Bruce's deposition claimed that Simpson told him he killed the two men because they intended to "murder him on that night for his papers." Those papers were later sent to his cousin, Sir George Simpson. Three years later, when Sir George sent the papers to Simpson's younger brother Alexander, the diary and all correspondence between Sir George and Thomas were missing. What the missing papers may have contained remains unknown.

In the meantime, after Simpson's death, the HBC's directors in London had sent permission for him to continue with his explorations. He had also been awarded the Royal Geographical Society's Founder's Medal, and the British government had announced its intention of granting him a pension of £100 a year. Instead, being accused of murder and suicide, and being disgraced in the eyes of the church, Simpson was buried in an unmarked grave in Canada.

=== Continuing controversy ===
In 1845, Alexander published The Life and Times of Thomas Simpson, in which he examined the possibility that Simpson's travelling companions had planned to steal his notes and maps, which they could have sold to the HBC's American rivals, and that Simpson was a victim of homicide.

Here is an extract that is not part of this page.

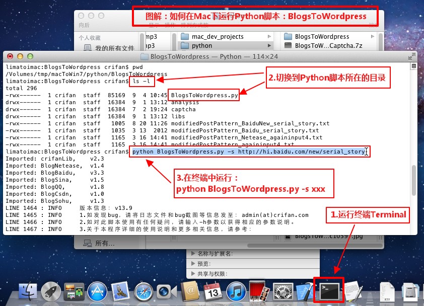 上述gif动画演示,只支持HTML在浏览器中的显示。其他格式输出中,比如PDF中,不支持此gif动画。所以下面再用文字解释一下大概流程:用文字解释如何在Windows的cmd中运行Python脚本BlogsToWordpress.py 如果你是在非HTML格式,比如PDF等,中查看此文,想要看动画的话,猛击动画演示如何在Windows的cmd中运行Python脚本BlogsToWordpress.py |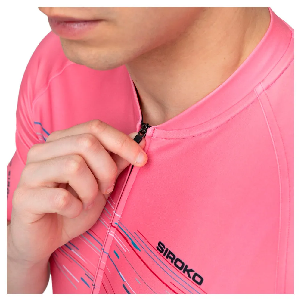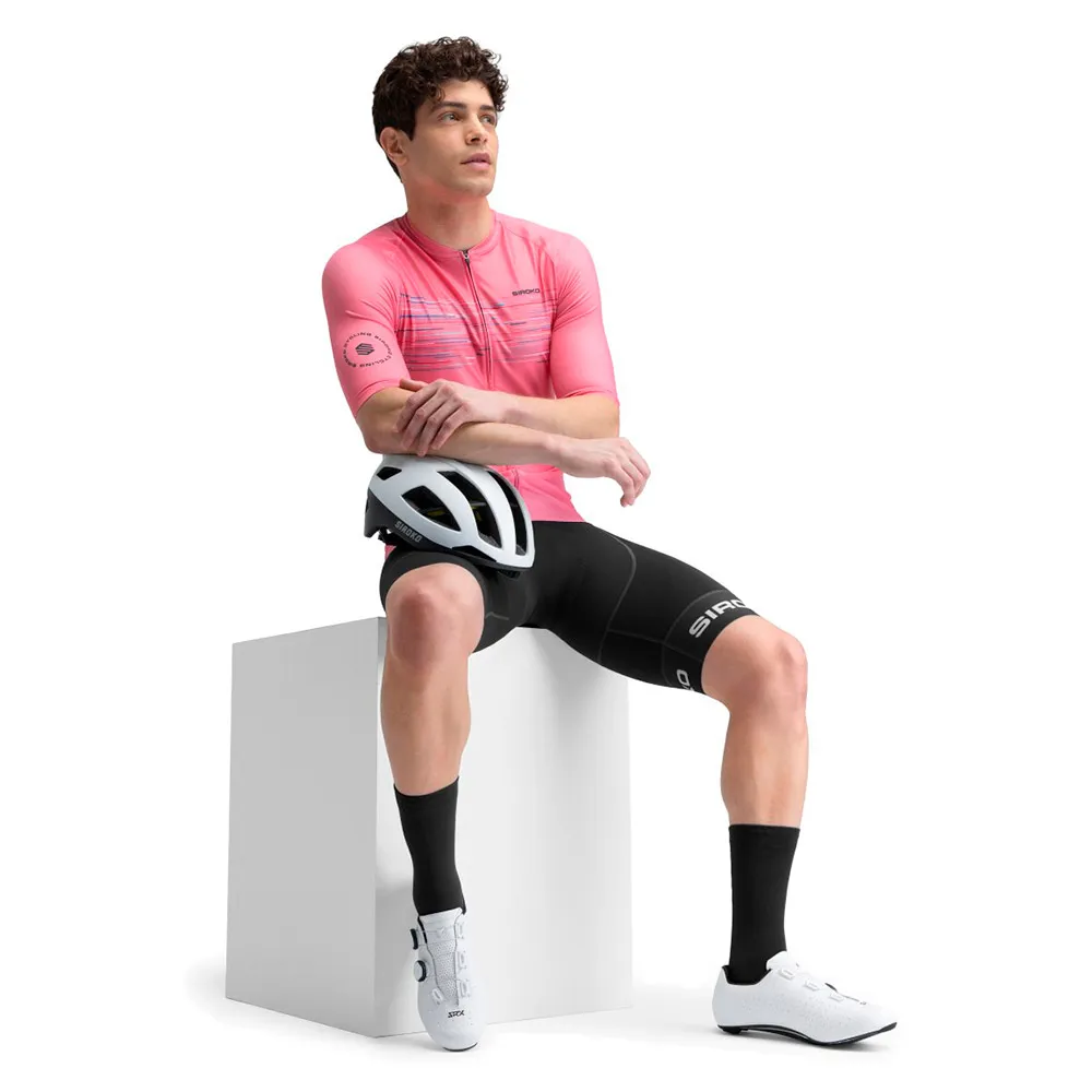 Веломайка M2 Toscano обеспечивает непревзойденный комфорт. Крой Race Slim Fit гарантирует идеальную посадку на шее, рукавах и талии, а технология Breathlock+ обеспечивает оптимальную воздухопроницаемость. Полностью аэродинамичные короткие рукава идеально подходят для летних прогулок, а использование тканей последнего поколения, сочетающих полиэстер и эластан, обеспечивает высокую эластичность. Полуавтоматическая полностью скрытая молния SBS, антифрикционная защита Zip Guard, светоотражающая бирка безопасности и три кармана сзади дополняют остальную часть дизайна.

A number of scholars have studied the evidence in Simpson's death without reaching a conclusion. The three main competing views of the case have been: the official finding, that a deranged Simpson murdered two of his companions and then killed himself; the conspiracy theory, that Simpson's companions murdered him, perhaps for his papers, and then covered up the crime; and the shootout theory, that Simpson attacked his companions, killing two, but was then shot by the others, who invented the suicide story because they feared Simpson's prominence might lead to charges against them.

Famed explorer and historian Vilhjalmur Stefansson included the Simpson case in his 1938 book Unsolved Mysteries of the Arctic. He found the official story, based on witnesses' depositions, to be unconvincing though not impossible. Stefansson and other historians have noted that the official investigation was far from thorough, perhaps because of the remote location of the deaths.